[TRY IT]:
In this exercise, the entries below include pictures. Repeat exactly the lines from the line with "Blaauwkrans, Damaraland, Namibia." to the line with "Track Mounted Dozer", including both, but without the pictures.
DATA PROVIDED START
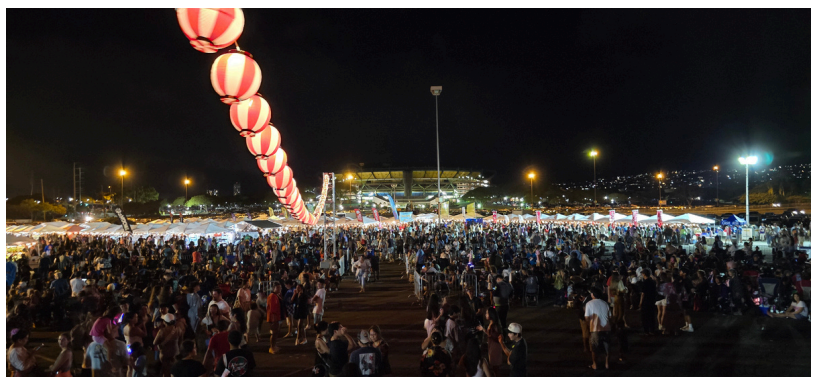
Megabon (Lower Halawa Lot)
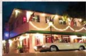
801- 801 Duval St.
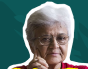
Kamla Bhasin Writer, Poet, Social Scientist, Independent
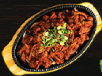
BBQ SPICY PORK
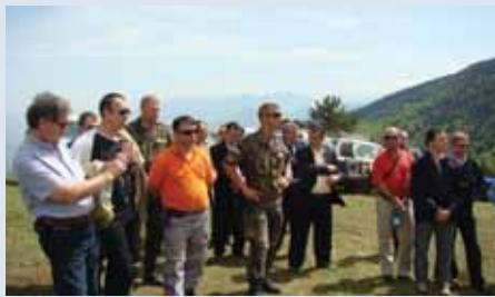
Donors Field Trip in Kukës Region

ly eliminate the threat of mines and unexploded ordnance in Northeast Albania. AMAE's responsibilities include coordination and monitoring of all mine action activities in the
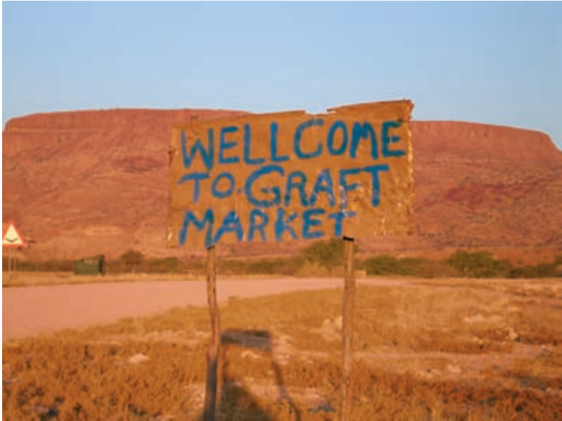
11a "Wellcome to Graft Market." Blaauwkrans, Damaraland, Namibia.
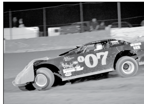
CLIFTON MORAN, B CADET FEATURE
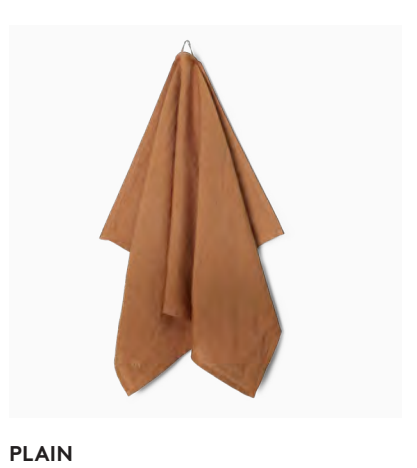
Available sizes: 50x80 cm
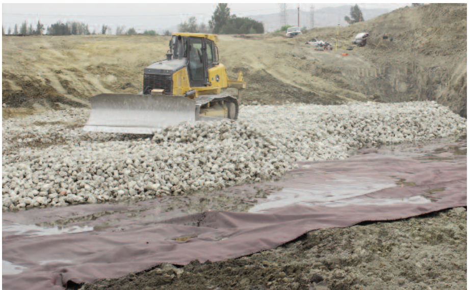
Track Mounted Dozer spreads the crushed concrete over Mirafi® RS380i.

TenCate® Geosynthetics Americas assumes no liability for the accuracy or completeness of this information or for the ultimate use by the purchaser. TenCate® Geosynthetics Americas disclaims any and all express, implied, or statutory standards, warranties or guarantees, including without limitation any implied warranty as to merchantability or fitness for a particular purpose or arising from a course of dealing or usage of trade as to any equipment, materials, or information furnished herewith. This document should not be construed as engineering advice.
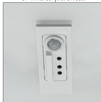
XC daylight&occ sensor
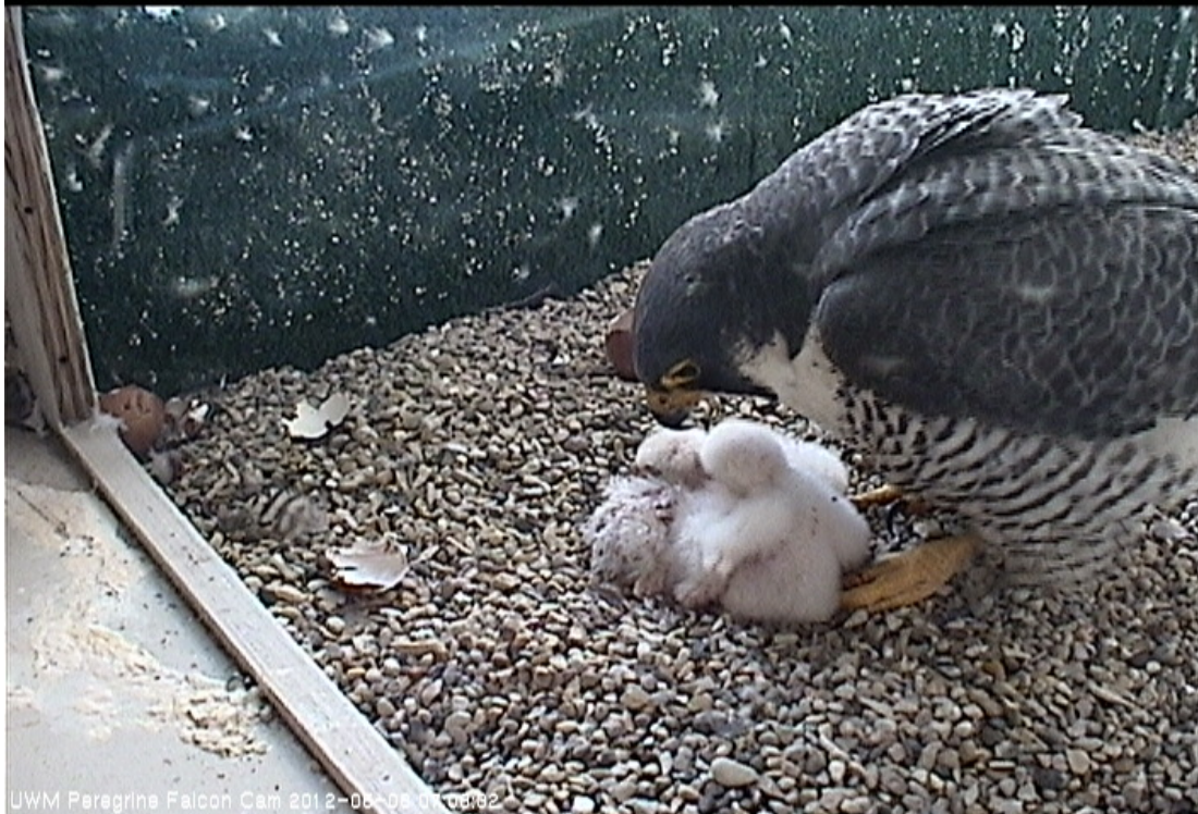
5-8-2012 - 4th chick, seen as the not so fluffy ball at left, hatched early this morning.
DATA PROVIDED END
[ANSWER BOX]:
11a "Wellcome to Graft Market." Blaauwkrans, Damaraland, Namibia.
CLIFTON MORAN, B CADET FEATURE
Available sizes: 50x80 cm
Track Mounted Dozer spreads the crushed concrete over Mirafi® RS380i.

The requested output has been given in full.